ADR-0312: FFmpeg-patch series for vmaf-tune integration (qpfile + libvmaf_tune + pass-autotune)

  • Status: Accepted
  • Date: 2026-05-05
  • Deciders: Lusoris
  • Tags: tooling, ffmpeg, vmaf-tune, patch-series, scaffold

Context

The fork ships its FFmpeg integration as a stack of patches against n8.1 under ffmpeg-patches/. Patches 00010006 wire libvmaf-side surfaces (tiny model, vmaf_pre, SYCL/Vulkan backends and zero-copy filters). None of them wire vmaf-tune — the Python encode-tuning orchestrator under tools/vmaf-tune/ — into FFmpeg.

vmaf-tune today drives encodes by shelling out to ffmpeg with encoder-specific knobs. The saliency.py module in particular emits a per-MB QP-offset map that's only consumable by libx264 (-x264-params qpfile=…).
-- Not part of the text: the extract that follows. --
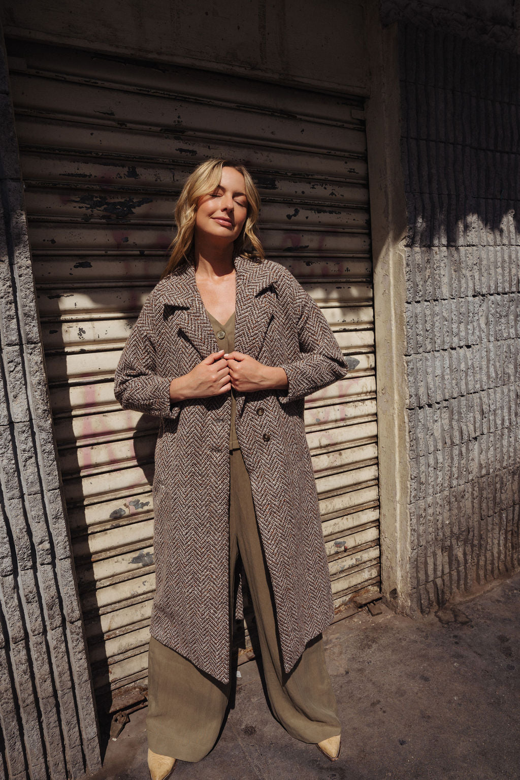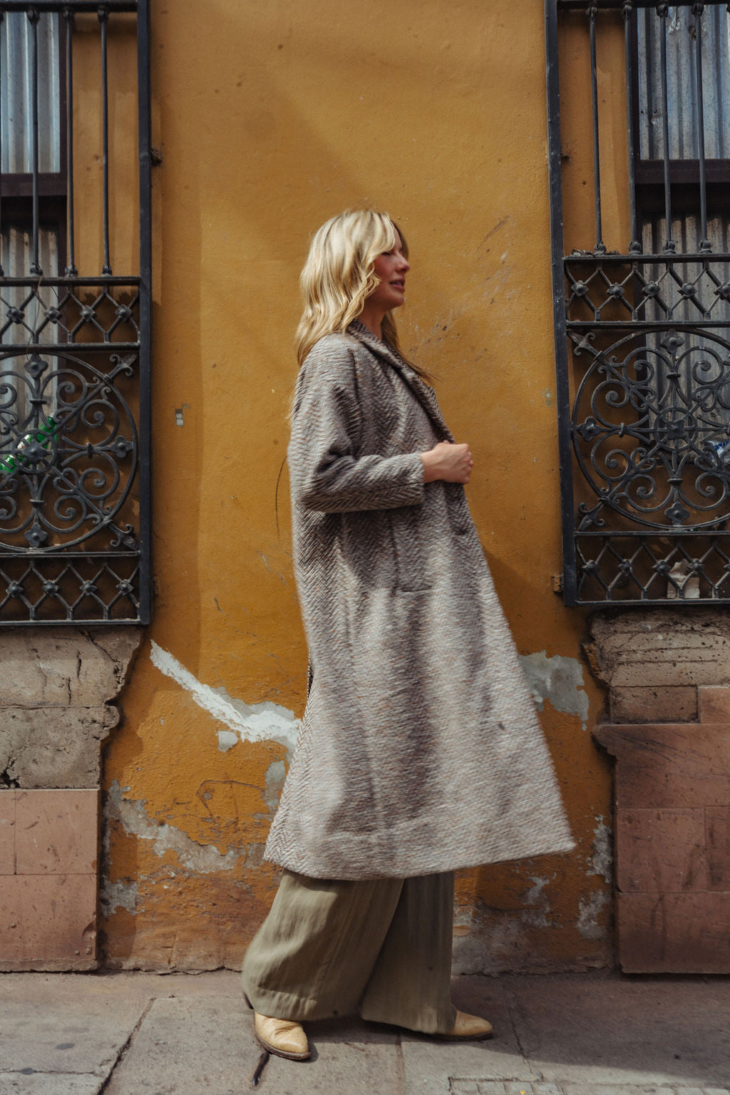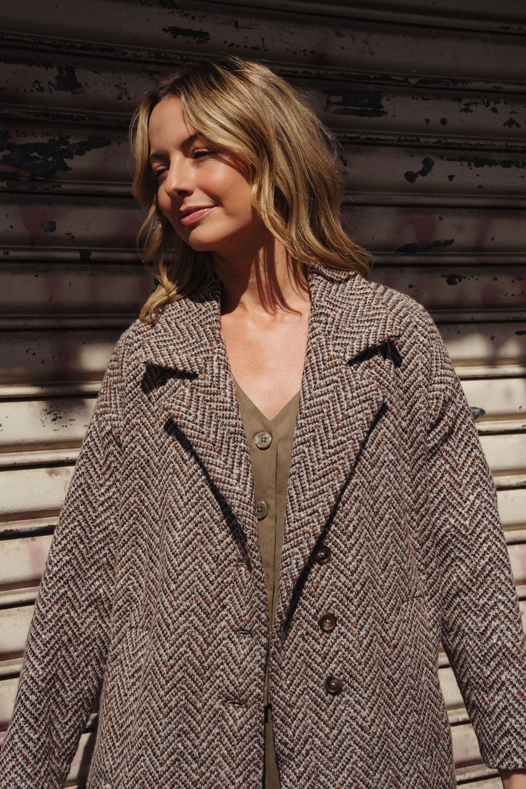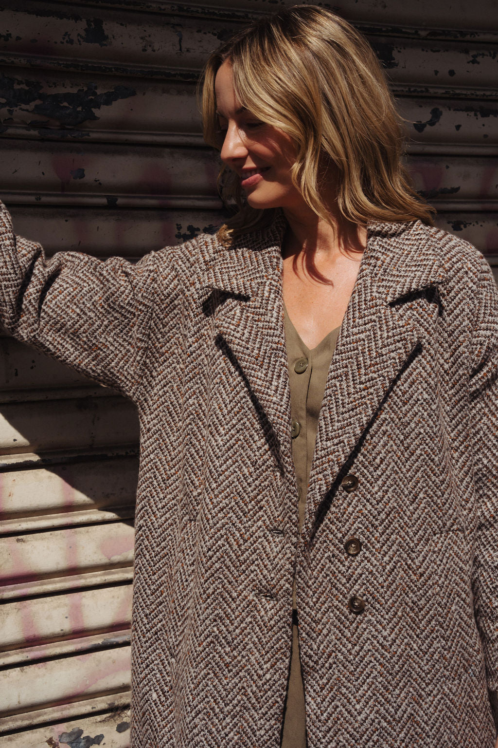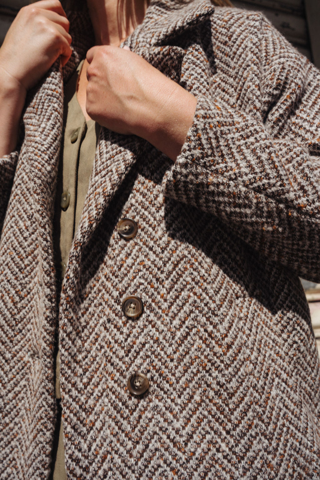 Portuguese Wool Polly Coat in Heathered Brown and Cream Herringbone Made to Order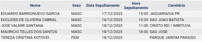 • Confira os falecimentos das últimas horas em Ponta Grossa e região 19 de dezembro de 2025

SVT-AV1 and libaom-av1 have their own ROI-input dialects (--region-of-interest-csv and AV1E_SET_ROI_MAP respectively). Without a unified -qpfile plumbing, the saliency feature stays single-encoder.

Two further surfaces would benefit from a thin FFmpeg-side hook:

  1. An in-process VMAF scorer that runs alongside a 1-pass encode and suggests a CRF for the next pass — today the recommend loop in tools/vmaf-tune/src/vmaftune/recommend.py re-encodes-and-scores externally via subprocess.
  2. A -pass autotune value on FFmpeg's -pass argument that signals "this is a vmaf-tune-orchestrated 2-pass encode" and emits a pointer to the user-facing docs.

Decision

Ship three patches as the next contiguous run of the ffmpeg-patches/ series (0007 / 0008 / 0009):

  1. Patch 0007-qpfile <path> AVOption on libx264, libsvtav1, and libaom-av1. A new shared parser at libavcodec/qpfile_parser.{c,h} reads the vmaf-tune qpfile format once. libx264 forwards the path to x264's native per-MB qpfile reader (supported since r2390). SVT-AV1 and libaom were scaffold at the time of this ADR (parse, validate, log; full ROI-bridge wiring deferred). Both deferrals have since been retired: SVT-AV1 ROI bridge via PR #417 (per-frame ROI_MAP_EVENT priv-data enable_roi_map, gated on SVT-AV1 1.6.0+); libaom-av1 ROI bridge via PR #419 (AOME_SET_ROI_MAP` per frame with 8-segment uniform binning of qp_offsets). Patch 0007 is now full-impl across all three encoders.
  2. Patch 0008 — new libvmaf_tune 2-input video filter (libavfilter/vf_libvmaf_tune.c). Scaffold: filter skeleton, AVOption table, init/uninit, frame pass-through with framesync, final-line recommended_crf=… log line at uninit. Recommend logic is a thin linear CRF↔VMAF interpolation; the full Optuna TPE loop stays in vmaf-tune.
  3. Patch 0009-pass-autotune advisory flag on fftools/ffmpeg_opt.c. Emits a stderr log pointing at docs/usage/vmaf-tune-ffmpeg.md. Glue only.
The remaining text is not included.